In 1836, in the Prussian village where fourteen-year-old Hanne lives with her parents and twin brother, the Old Lutherians must worship in secret. So the Elders, like her father, are excited by the potential freedoms of migration to South Australia, even if the women are more conflicted about the six-month voyage and leaving the familiar world behind.
 
Hanne craves another kind of freedom, so inconceivable she can’t give it words. But when she meets Thea, another unconventional teenager, she discovers possibilities beyond her dreams. Perhaps the sounds she hears in nature are a gift, not a curse.
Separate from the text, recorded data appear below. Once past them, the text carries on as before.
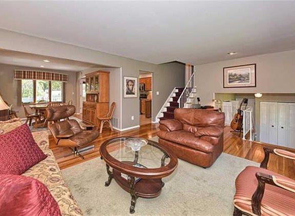 Bright open and inviting expanded Split offering 4 bedrms, 1 full, 2 1 2 baths and pool.This fabulous home w great curb appeal shows pride of ownership throughout!Foyer leads to a Den w WB fireplace and access powder and laundry.Sun filled Living Ro w large bay window flows into the Dining Rm with adjacent Family Rm addition. The Family Rm has a barreled ceiling, gas stove and is adorned w windows providing plenty of natural light and access to trex deck and yard. Well appointed Kitchen with SS appliances and quartz counters. Expansive Master with ample closets and 1 2 bath, 3 add'l bedrms and main bath complete the 2nd floor. There is no lack of storage in this home with 2 attics and a large unfinished basement. The serene and manicured property enhanced with a white picket fence a pool, level yard, patios and decking for entertaining. Add'l features include, hardwood flrs, Roof 2014, Driveway 2015 and 2 car garage. Home is convenient located to NYC transit and major highways.
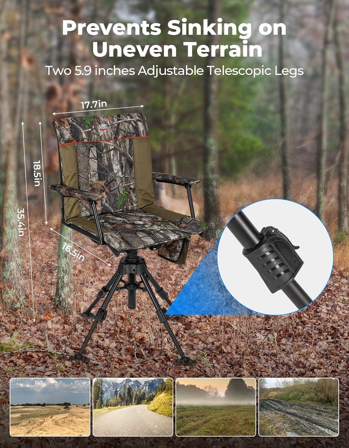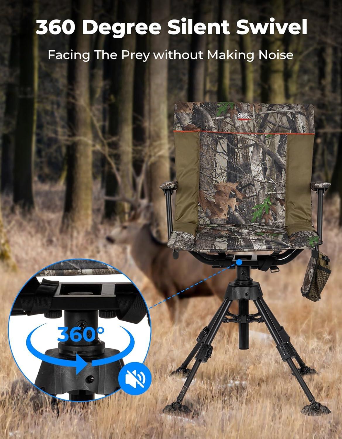 360 Degree Silent Rotation: The KEMIMOTO full 360 degree hunting chairs that swivel features a noise-reducing design. Tips: Tighten the screws securely during installation and use tools if necessary to prevent loosening and noise. You can spin and shoot game quickly without making a sound! Perfect for hunting deer duck, camping, fishing or other outdoor sports
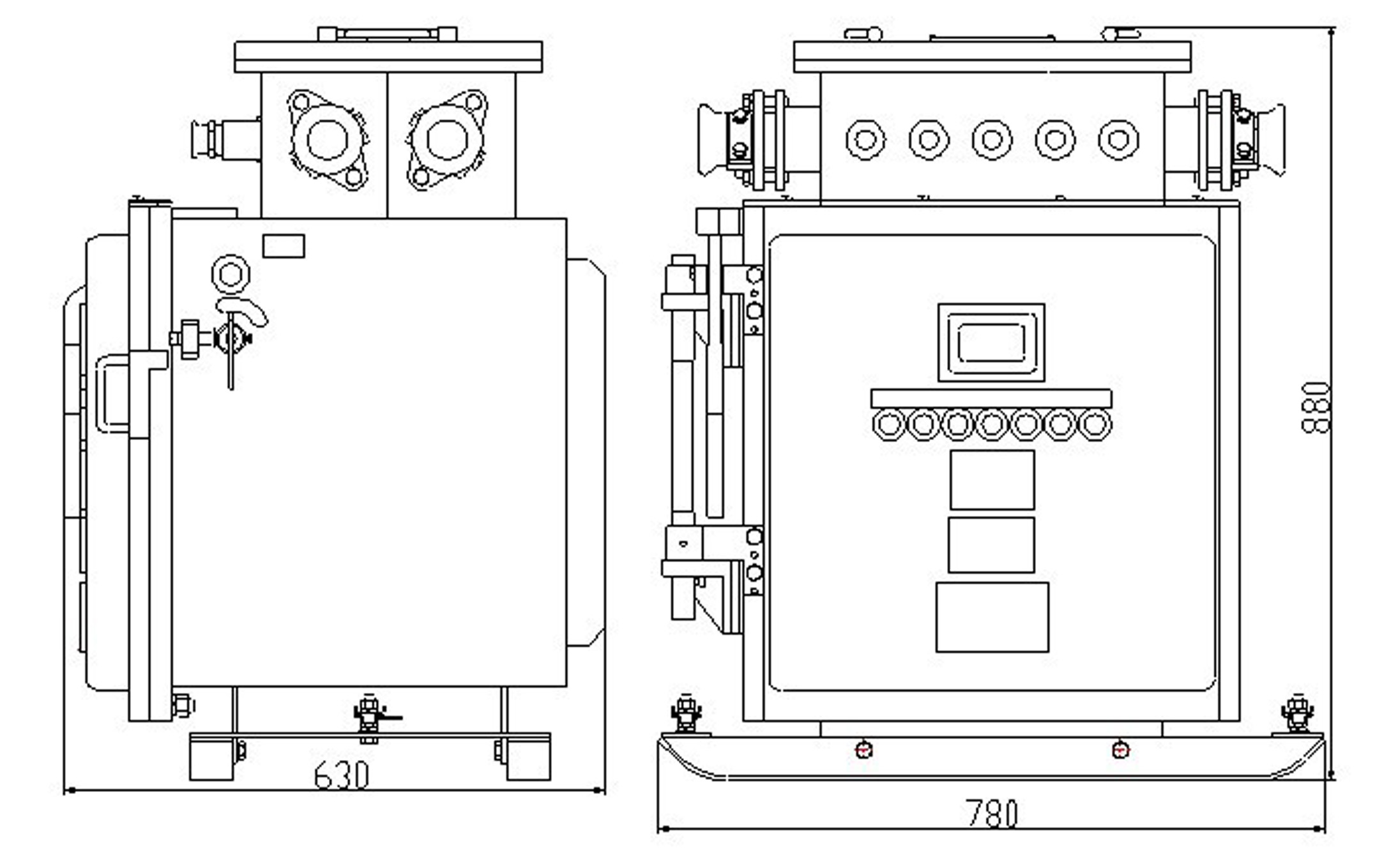 綜合裝置由隔爆外殼、主變壓器和控制部分等組成。隔爆外殼為方形,殼蓋與殼身采用滑動(dòng)止口結(jié)構(gòu),開(kāi)啟方便。外殼上部的接線箱作為引進(jìn)和引出電纜用,外殼右側(cè)裝有操作組合開(kāi)關(guān)的手柄,并有可靠的機(jī)械聯(lián)鎖裝置,門蓋上裝有控制按鈕和試驗(yàn)按鈕,門蓋上有一觀察窗,可以從外面觀察到裝置里面液晶漢顯顯示屏的指示狀態(tài)。殼體內(nèi)的控制部分由控制器件板和真空交流接觸器板組成。在控制器件板上裝有微電腦控制器、液晶顯示屏、電流取樣板、電流傳感器、濾波器、電源控制變壓器、試驗(yàn)電阻、保險(xiǎn)等器件。真空交流接觸器板上裝有真空交流接觸器、管式熔斷器,電流互感器,三相電抗器等器件。控制器件板與真空交流接觸器板通過(guò)一組航空插件及連線構(gòu)成聯(lián)系。防爆外殼箱體內(nèi)裝有主變壓器。

Perhaps, while they must marry men and bear children, the bonds between women can be just as physical, and even more strong.
 
Although I liked Hannah Kent’s acclaimed first novel, Burial Rites, I didn’t enjoy it quite as much as others seemed to, but I wanted to give this, her third novel, a chance. With beautiful language, and a sweet but not sentimental story, I was glad I did. Until a midpoint reversal threw me off course. I won’t say what it was for fear of spoilers, but it’s not my usual reading choice.
 
However, it turned out to be perfect for this author and her themes of love, loyalty, and the European settlement of Australian lands. Given the similar names of author and narrator, it seems worth mentioning that Hannah Kent informs us that she began this novel after Australia voted in favour of same-sex marriage and her girlfriend proposed to her. What a moving celebration of that freedom denied to generations past. (I’m actually tearing up as I write this.)
 
Not only is this novel the second contender for my books 2022, but I’d bet on it reaching the shortlist of several literary prizes. Thanks to publishers Picador for my advance proof copy.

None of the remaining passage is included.